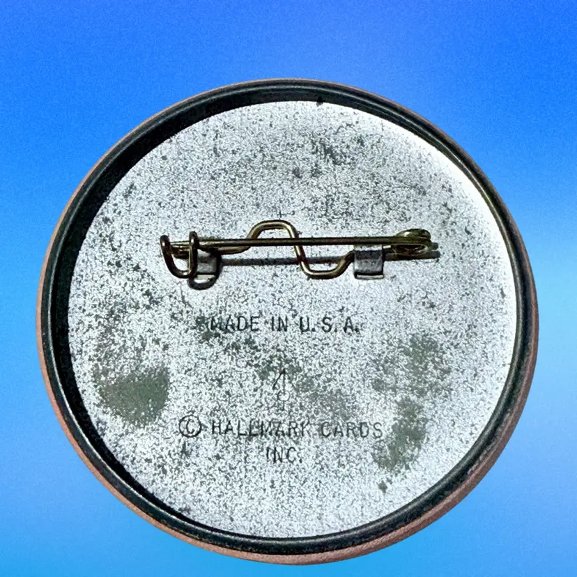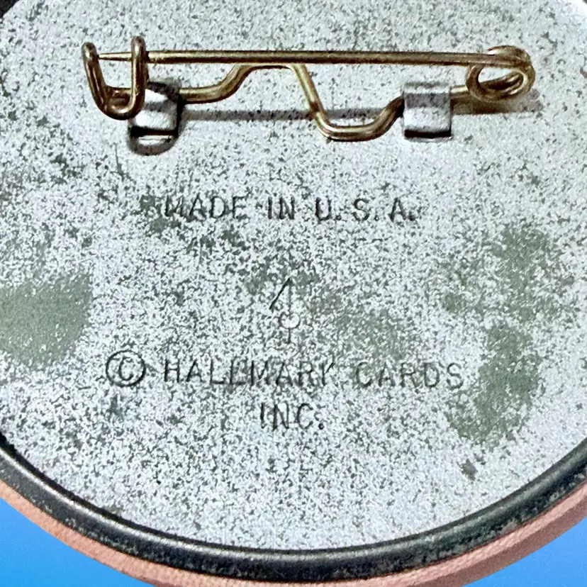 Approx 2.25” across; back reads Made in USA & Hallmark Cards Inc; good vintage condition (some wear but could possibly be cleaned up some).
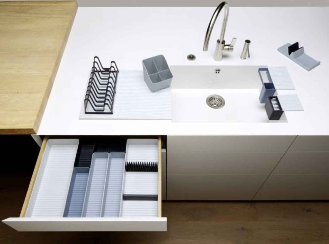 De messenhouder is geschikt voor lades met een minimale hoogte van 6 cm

* * *

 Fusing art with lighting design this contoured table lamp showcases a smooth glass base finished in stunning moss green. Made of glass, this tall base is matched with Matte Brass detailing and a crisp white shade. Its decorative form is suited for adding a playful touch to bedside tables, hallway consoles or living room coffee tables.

*REQUIRED WORK*
The answer should consist only of the lines above from the one with "cleaned up some)." through the one with "De messenhouder is", repeated exactly, with no pictures among them.

*SOLUTION TO THIS TASK*
 Approx 2.25” across; back reads Made in USA & Hallmark Cards Inc; good vintage condition (some wear but could possibly be cleaned up some).
 De messenhouder is geschikt voor lades met een minimale hoogte van 6 cm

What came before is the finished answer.